When he was small, my youngest son had a habit of filling his pockets with treasures he encountered in his daily adventures. I didn't always understand the value he saw in his chosen objects -- really, how many rocks and sticks could one boy keep? In his eyes, though, each one was beautiful and important. Life is just like that on a larger scale, isn't it? We gather up the precious bits of our experiences and save them all to learn from and enjoy later. Perhaps you'll find a little something here that you'd like to keep in your own pockets. Thanks for visiting.

Friday, April 19, 2013

Natural consequence

Yesterday Will stayed home from school with me because he wasn't feeling well, so I put my plans to get groceries in the morning on hold until the evening.  I asked Noah to come with me after dinner, because he seemed to have a lot of energy and I knew that his good mood would make the task more enjoyable.  As the two of us were putting our shoes on at the front door, I looked out the window and saw a huge mass of ominous black clouds hanging over our house, and I mentioned to a t-shirt clad Noah that he might want to grab a jacket before we left.  He brushed me off (as he usually does these days whenever I suggest sensible clothing for the current weather conditions), telling me in an exasperated voice that it was hot out and he would be "fine".

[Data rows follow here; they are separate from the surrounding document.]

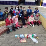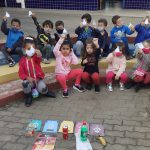 Após roda de conversa com as crianças sobre o lixo e a coleta seletiva, também trabalhado anteriormente, a professora distribuiu saquinhos de lixo confeccionados com papel sulfite onde dentro simulava tipos de lixo (papel, metal, plástico, orgânico e vidro).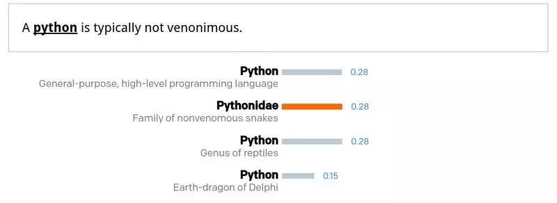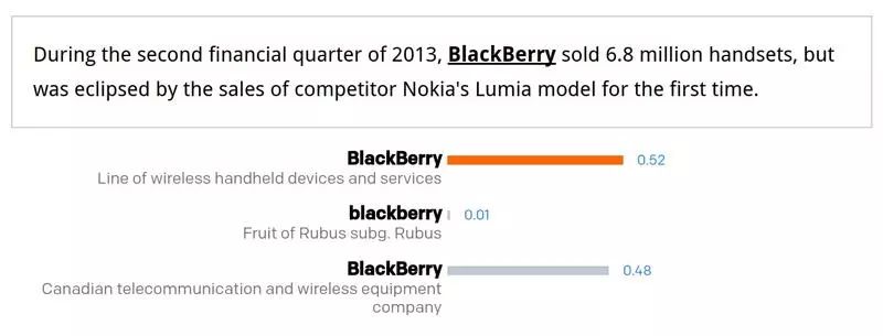 在测试阶段,给定一个词语以及其上下文,我们的神经网络将输出该词语属于其类型系统中每一个类别的概率。如果我们知道了类别成员的准确集合,我们可以将结果缩小到一个实体 (假设分类结果是完美的)。但实际上,我们必须计算大概 20 个概率问题:对于该单词的每一个可能对应的实体,都需要使用贝叶斯理论来计算其概率。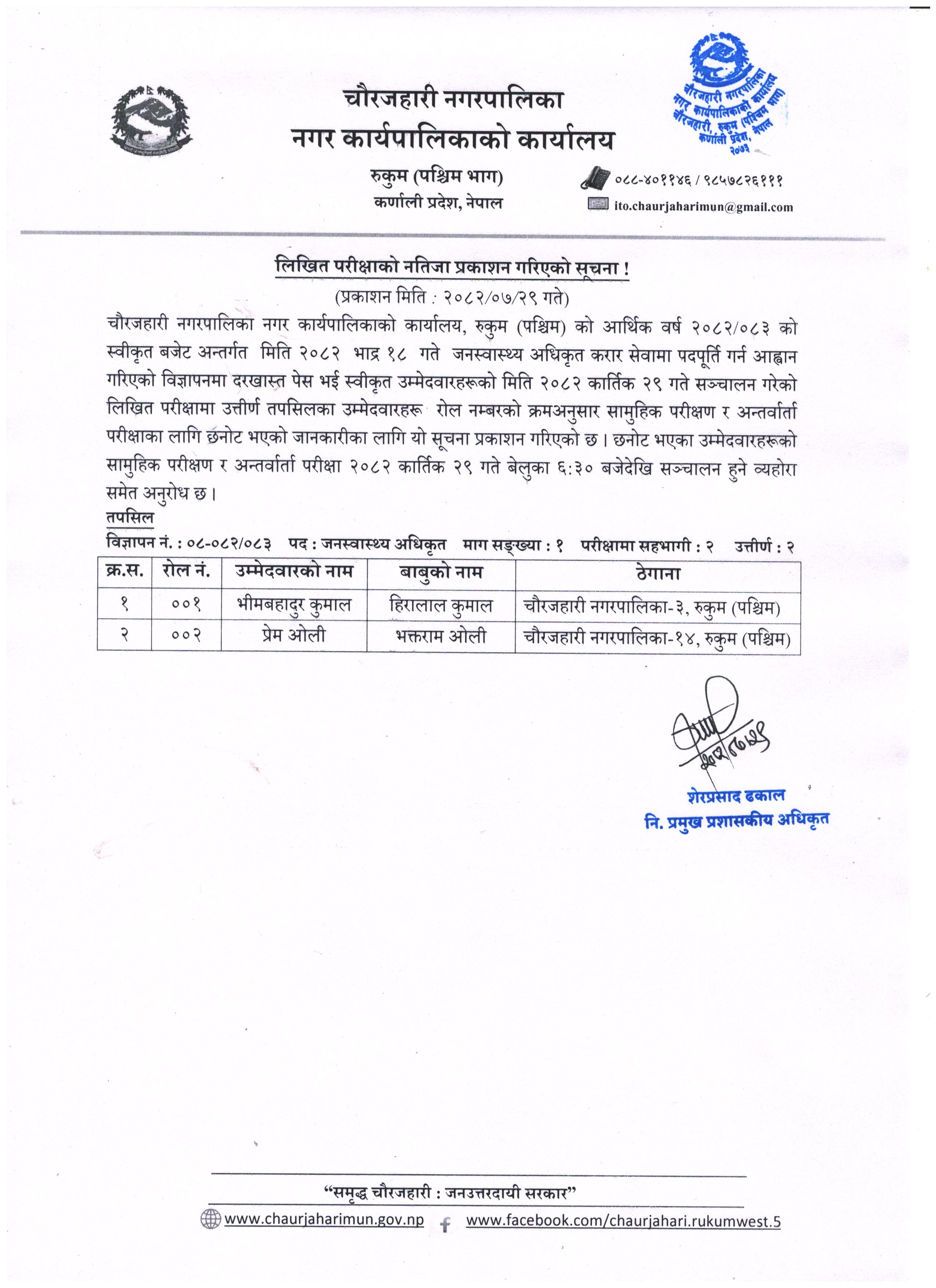 लिखित नतिजा प्रकाशन गरिएको सम्बन्धमा ।

I thought about this for a second, and then bit my tongue (a very difficult thing for me to do) and said nothing more.  As a mom of a tween who tries a little more each day to assert his independence, I am trying to learn to choose my battles, and this one didn't seem worth spending any energy on.  We headed out to the car and went on our merry way.

A few minutes later, the sky above us grew even darker and more threatening, and from the back seat I heard a faint little "Uh-oh".  I chuckled (was that mean of me?) and said with mock surprise, "Oh, Noah, it looks like it's really going to rain!". 

Just as we pulled into the parking lot of the grocery store (and I joked that I should probably find a parking spot as far away from the store doors as possible), the heavens opened up and buckets of water came gushing relentlessly out of the sky.  Noah was laughing nervously now, and frantically planning a strategy for how he was going to get from the car to the store doors without drowning.  He took a deep breath, threw open the car door, and took off like lightning, shrieking in a hilarious panic as he attempted (unsuccessfully) to dodge the torrential downpour. 

Once we were both inside (Noah looking sheepish and a bit like a bowl of cereal left standing too long in milk, and me looking smug and dry in my raincoat) we looked at each other and laughed crazily for a good minute together.  I could tell by the look on Noah's face that even though I hadn't made the jacket issue into a battle, somehow I had won.

They say that the best way to have children learn new ways of behaving is through experiencing natural consequences.  I can't think of a more natural consequence for refusing to wear a jacket when the weather calls for it than having to wring out your t-shirt in the grocery cart area and then walk soggily through the store aisles for the next half hour.  Thanks, Mother Nature, for helping me show my eleven year old (with no words at all) that moms still know a thing or two!